This course focuses on automatic speech recognition and synthesis. Topics include signal processing, human interface, and statistical models. The statistical models are key components of today's speech processing technology. Particularly, hidden Markov model, graphical model, N-gram, weighted finite state transducer, and artificial neural network are explained in details. By combining lectures and exercises, the course enables students to understand and acquire the fundamentals of the up-to-date speech processing techniques.

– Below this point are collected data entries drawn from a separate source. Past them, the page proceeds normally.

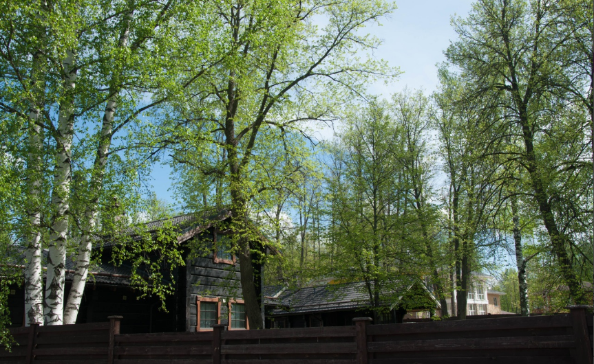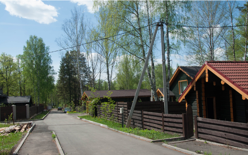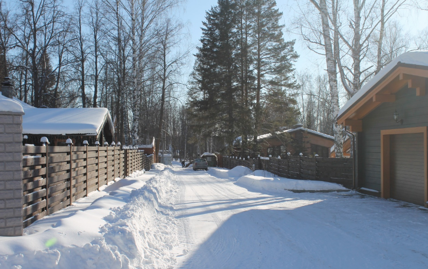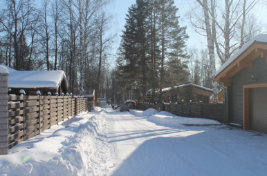 Территория поселка ограждена по периметру. На въезде контрольно-пропускной пункт, оборудованный автоматическими воротами.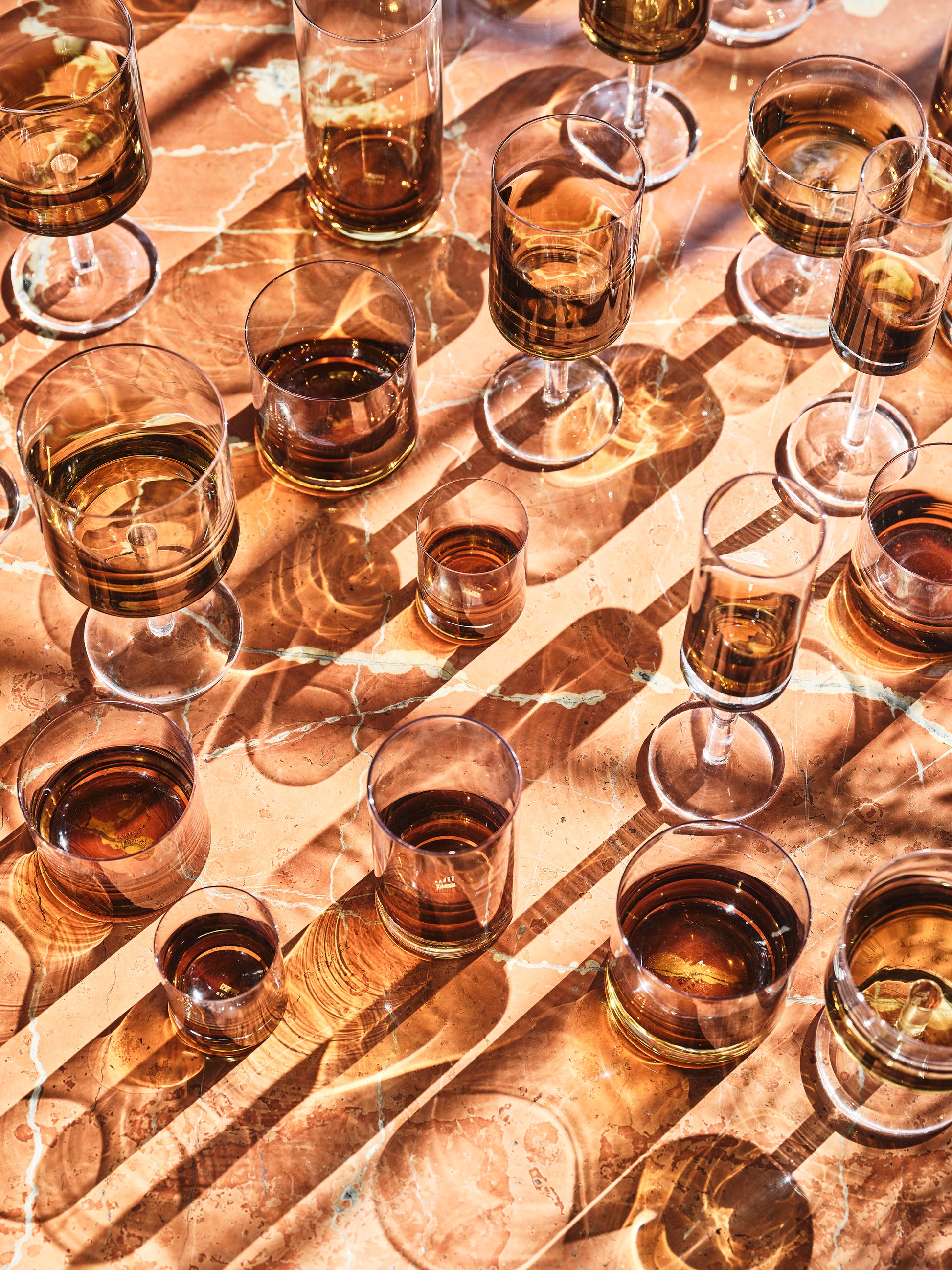 Discover the refined charm of the 'Zuma' Champagne glass from the exclusive Kelly Wearstler collection. With an amber tone obtained by a process of three layers of glass, this glass evokes the vintage atmosphere of antique glassware. The unique colour gradient is an elegant contrast with the thick glass base and streamlined shape.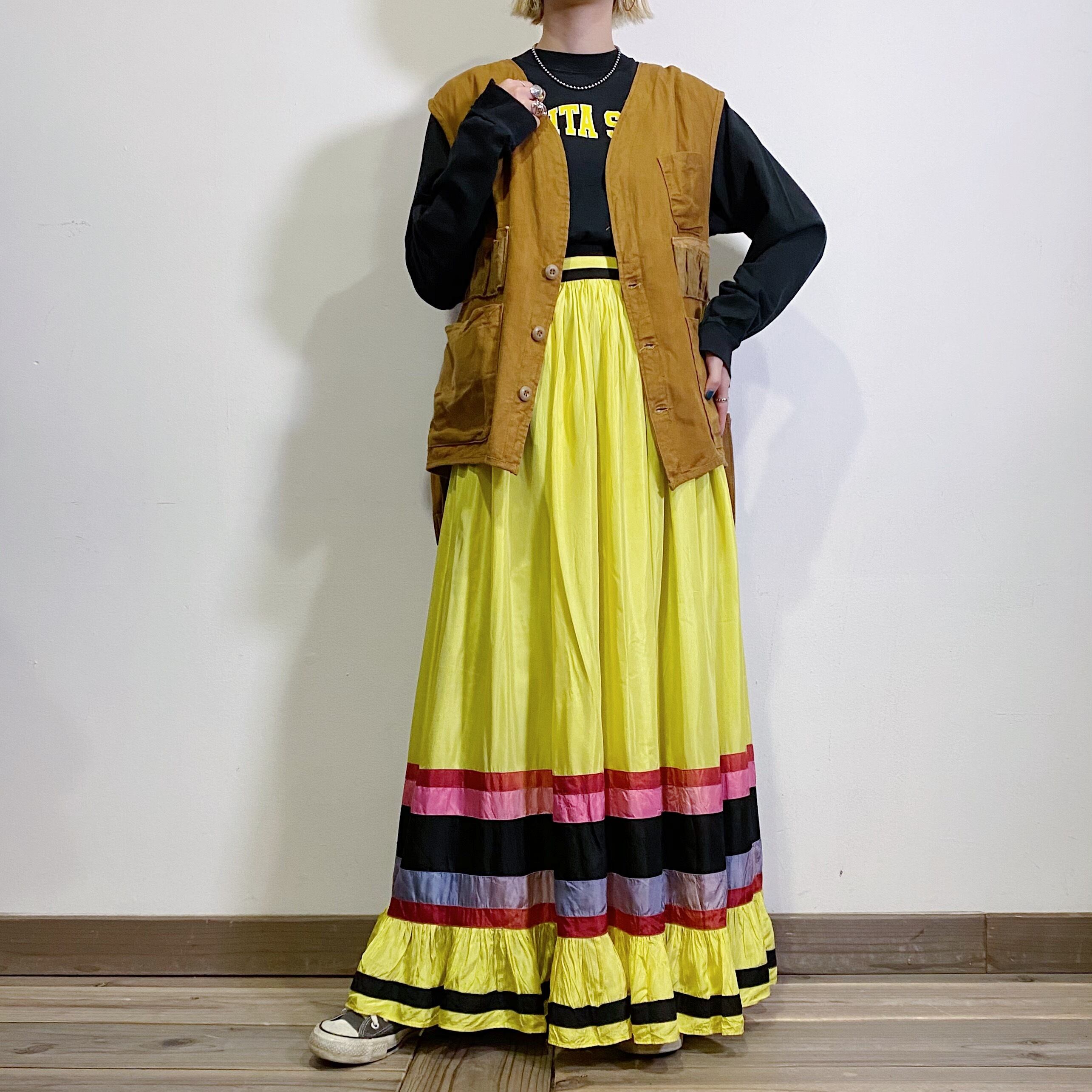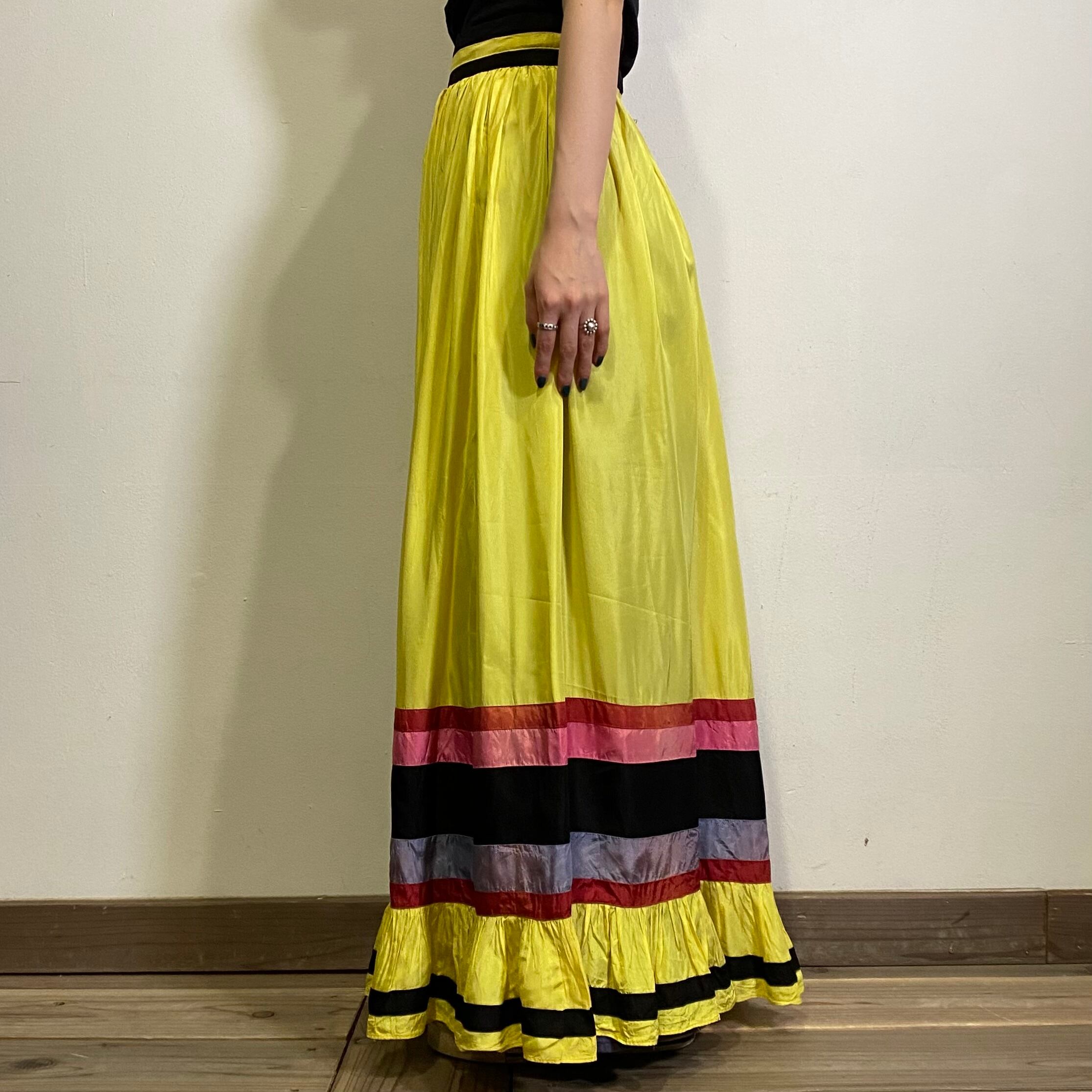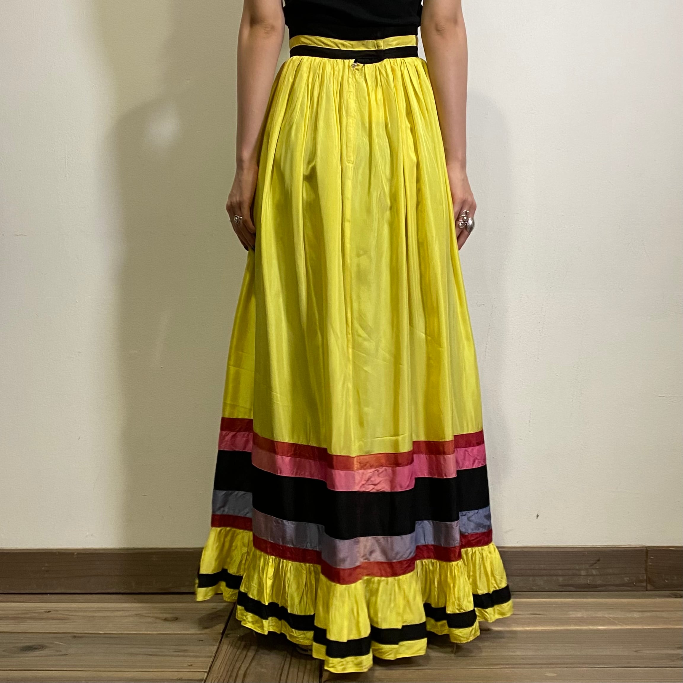 鮮やかなイエローカラーに裾のカラフルな切り替えやフリルがかわいい、60年代のロングスカートです。

Speech communication is natural to us humans, and we speak and listen to a lot of utterances in our daily lives. It is so easy, and we rarely consider how we do it. However, it requires highly complicated processing from the engineering point of view. Even today’s up-to-date systems have only limited performance compared to humans. Although, based on the accumulated research effort, some systems are recently giving a comparable performance in some specific conditions. Through this course, students will learn how our speech communication is sophisticated. At the same time, students will have some concrete idea about how to challenge it using the learned techniques as the clues.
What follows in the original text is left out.